Reinhard Mucha’s vitrines grace the gallery space of Luhring Augustine in unlikely ways with their highly industrialized masculine forms. What’s inside the vitrine appears as constructional and memorial debris, meaning the artist brings together physical and mental cluttering in the frame of vitrines. A pile of luggage stands out as a remnant of time passed or built-up industrialized constructions made out of assorted materials are placed inside these macro-sized glass vitrines. Staying away from appearing as thematically unified or correlated, these installations each appear as experiments on building new stories. On one hand, the contrast between the fragility of these glass boxes and the destructiveness of the metal and brick evokes a different experience then a usual gallery walk or a trip to a high-end store. Presenting an usual aesthetic charm, Mucha’s constructed installations raise questions about the purpose of these vitrines: what is actually protecting what? Can these thin glass walls really serve as containers for these installations or are they even meant to be protected in the first place?

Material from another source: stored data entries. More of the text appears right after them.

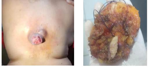 La mama derecha presenta edema de tejido celular subcutáneo con aspecto de piel de naranja sin tumoración palpable a causa de gran tumoración axilar homolateral. Y la mama izquierda es simétrica; no se observa retracción del pezón, no presenta secreción por pezón, no se ve ni se palpa tumoración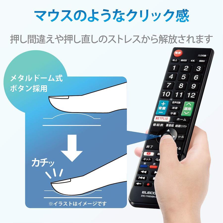 【 説明 】■ シャープ製テレビ アクオスに設定済みで、登録作業をすることなくそのまま使えるかんたんTV用リモコンです。■ 純正リモコンのボタン表示と配置を踏襲しており、分かりやすく、違和感なく使用可能です。■ Netflixなど最新のリモコンボタンに対応し、充実したボタン数を搭載しています。■ 関連するボタンを分かりやすくレイアウトし、直感的に操作可能です。■ 数字キーと十字キー、それぞれの背面にくぼみを設置し、どちらも押しやすいダブルホームポジション設計です。■ リモコン操作時に多い3つの使い方(つまんで操作、握って操作、置いたまま操作)に対応しています。■ チャンネルの操作など、リモコンをつまんで操作するときには、側面のくぼみに指を引っ掛けることができ、快適に操作可能です。■ 録画視聴の操作など、リモコンを握って操作するときには、背面のくぼみが人さし指にフィットしリモコンを支えることで快適に操作可能です。■ 音量調節など、リモコンを置いたまま操作するときも自然と指になじむボタン形状で、快適に操作可能です。■ ボタンには押し心地の良いメタルドームを採用し、ボタンを押したときに抜群のクリック感を実現しています。■ 手の小さな人でも操作しやすい長さ215mmサイズを採用しています。■ 広範囲で認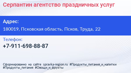 Серпантин, агентство праздничных услуг по адресу 180019, Псковская область, Псков, Труда, 22 в дальнейшем Организация, размещена в следующих категориях: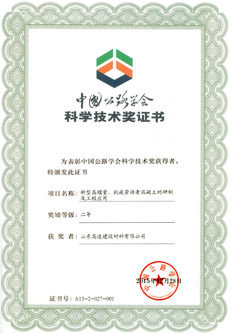 2015年中国公路学会科学技术奖

At Andrea Rosen, Josephine Meckseper’s glass-protected installations seem like more outspoken and declarative structures, particularly when compared to Mucha’s. The artist arranges specifically selected objects from our collective histories to narrate stories–stories that we may already know, but never thought about outside a certain “box.” In these glass boxes, these narratives make connections between current consumerist tendencies and modernist political propaganda methods from World War II. Straight-cut and straightforward modernist approaches from the previous century stand next to the consumerist and highly-polished aesthetic of our day. These unlikely visions condensed into vitrines stand out as the ultimate displays of the harmony that lies beneath the contradiction itself–still not letting us touch.